Maj. Op. at 10 (emphasis original). In United States v. Ecker, 543
F.2d 178 (D.C. Cir. 1976), this Court emphasized the district court's expanded
role in resolving a conditional release petition pursuant to D.C. Code
§ 24-301: Thus, in conditional release proceedings (as well as unconditional
release proceedings) the role of the district court (i.e., the standard
of review) ... is not simply to review the hospital's decision for unreasonableness,
but rather itself to decide the ultimate question: whether the present
status of the patient is such that continued confinement [without conditional
release] is justifiable.
... In order to approve a conditional release, we hold
that the district court must independently weigh the evidence and make
a de novo determination that the patient will not in the reasonable
future endanger himself or others. Id. at 186-87 (internal footnote
and quotations omitted) (emphasis and brackets original). This is so because,
as the Ecker court recognized, "when a district court is asked to
review a conditional release certification the basic policy underlying
section 301(e) comes into play, and the court must decide whether the hospital's
proposal 'provide[s] treatment and cure for the individual in [sic] manner
which affords reasonable assurance for the public safety.' " Id.
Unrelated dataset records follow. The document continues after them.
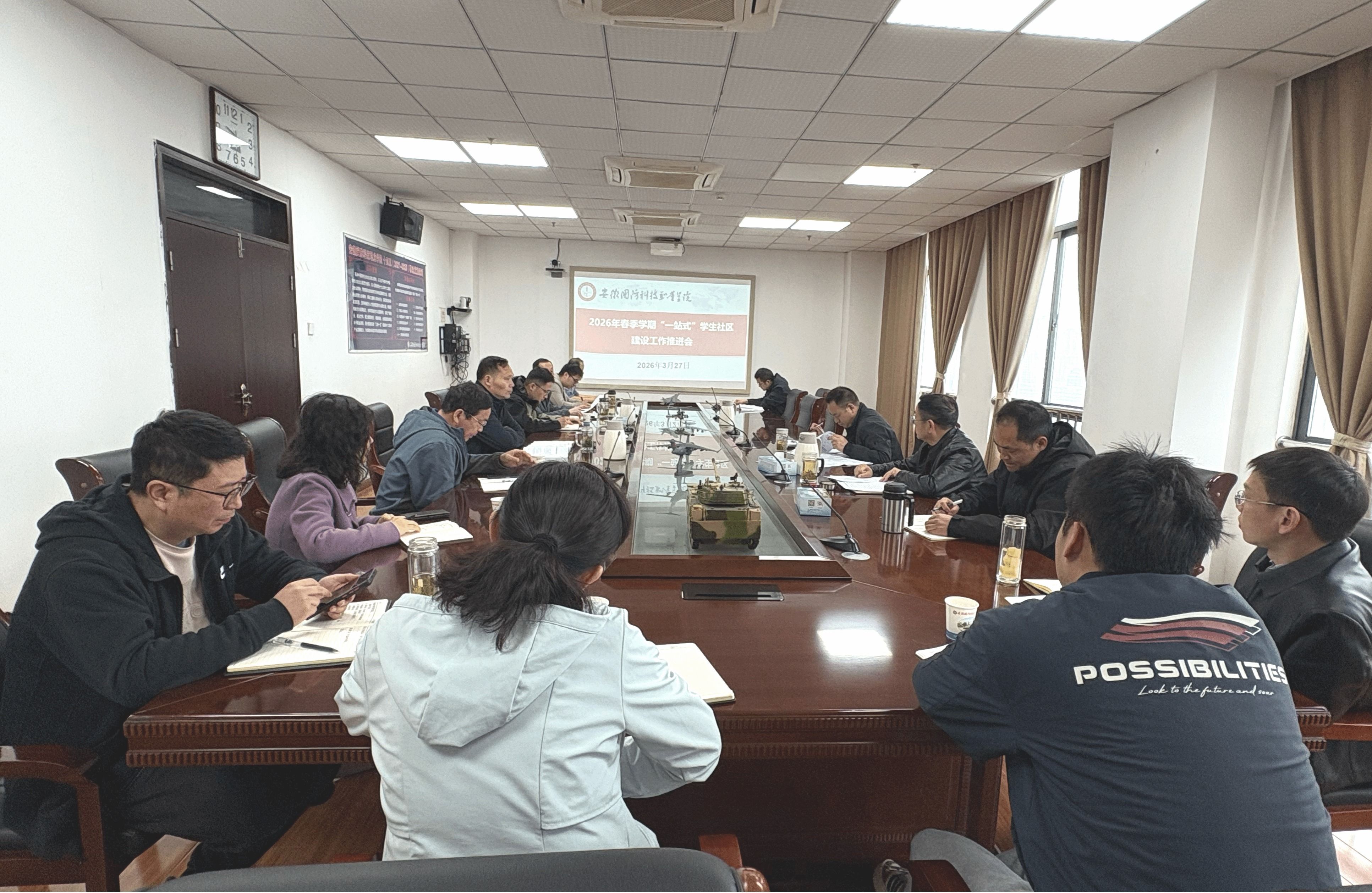会上,学生处(部)副处长张志鸿通报了我校在2025年安徽省高校“一站式”学生社区建设考核评价中得分情况并全面分析了我校建设工作中的优势亮点与薄弱环节。各牵头部门结合分工依次汇报了前期工作开展情况及2026年学生社区建设工作计划,并围绕学校“一站式”学生社区建设情况建言献策。
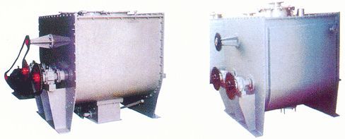 性能特点一该机通过两根等速反向旋转轴上特殊布置的桨叶,使物料作径向、环向、轴向三向运动,形成复合循环,在极短的时间内达到均匀混合。一可进行固(粉)—固(粉)(粉体粒度300—2000um)混合。一根据用户要求,还可以另加喷液及夹套装置,使之可作为固(粉)—液(含液量<15%的混合及干燥设备使用。
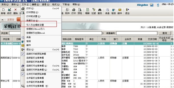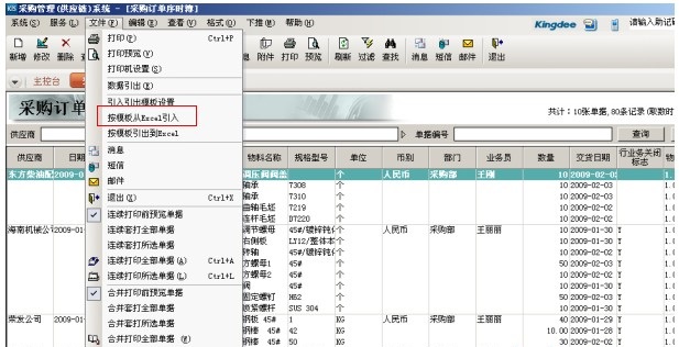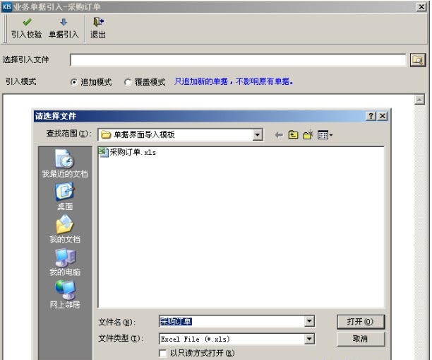 KIS旗舰版在供应链常用单据界面增加了直接从EXCEL导入功能。
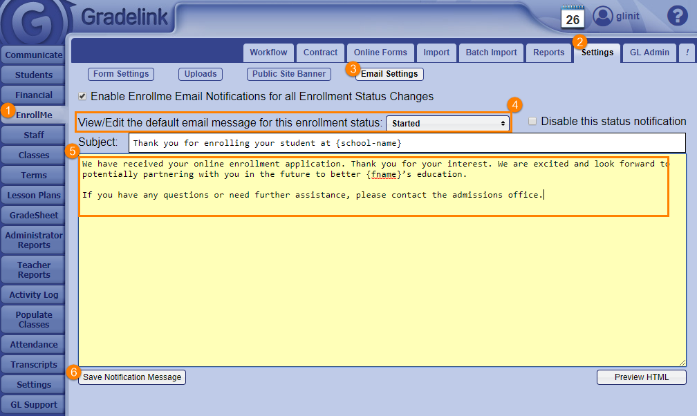 6. Click the Save Notification Message button at the bottom left corner of the page when you are finished with your changes.
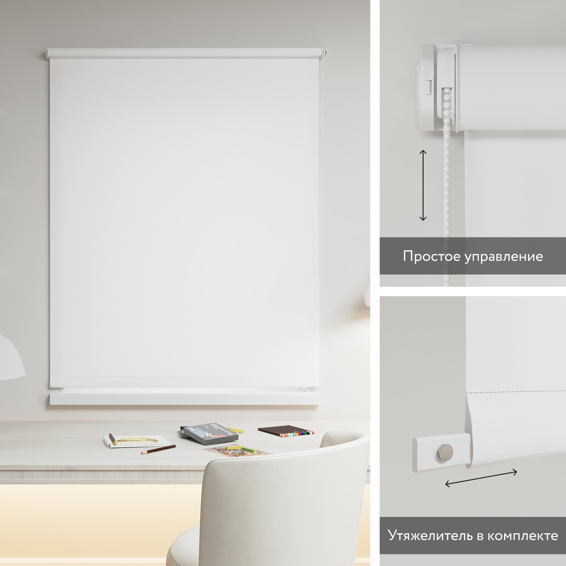 | Дополнительная информация | Механизм с цепочкой, упорный валик, боковые кронштейны, навесные кронштейны с регулировкой под толщину оконного профиля, монтажные площадки для крепления на глухую створку, двухсторонний скотч, крепежный комплект, фиксатор, ограничитель размотки ткани. |

at 182-83 (internal footnote omitted) (brackets original).
The record reveals that the district court followed Ecker
to the letter, "independently weigh[ing] and evaluat[ing] the evidence."
Id.
at 184. The district court relied heavily upon the opinion of the government's
psychiatrist, Dr. Raymond F. Patterson, who described Hinckley's "past
and continued propensity for deception and secretiveness, especially to
those responsible for treating him." United States v. Hinckley,
967 F. Supp. 557, 560 (D.D.C. 1997). And in evaluating the opinions of
Hinckley's experts, the district court looked to Hinckley's own words:
Moreover, in considering the opinions of his experts, the Court is reminded
of a journal entry made by Mr. Hinckley in 1987 in which he wrote:
"I dare say that not one psychiatrist who has
analyzed me knows any more about me than the average person on the street
who has read about me in the newspapers. Psychiatry is a guessing game
and I do my best to keep the fools guessing about me. They will never know
the true John Hinckley. Only I fully understand myself."
Tr. 156-157; (stipulated to by counsel for Petitioner).
What is particularly disturbing is that this statement
was written at a time when the Petitioner had already undergone five years
of treatment and had convinced his treatment clinicians that he had recovered
sufficiently for conditional release. Statements such as these cause the
Court to proceed carefully in weighing current assessments of the Petitioner
by his experts. Id. at 562.
As the majority observes, the district court "never mentioned
the Review Board's decision in this discussion." Maj. Op. at 9. The record
plainly manifests that the district court did not rely on the Hospital
Review Board's recommendation (indeed, the court did not deem it relevant
except insofar as it caused the court to conduct an even more "exacting"
review, 967 F. Supp. at 559). Accordingly, there is no need to reach the
extraneous deliberative process privilege claim and I respectfully decline
to join the majority's discussion of it.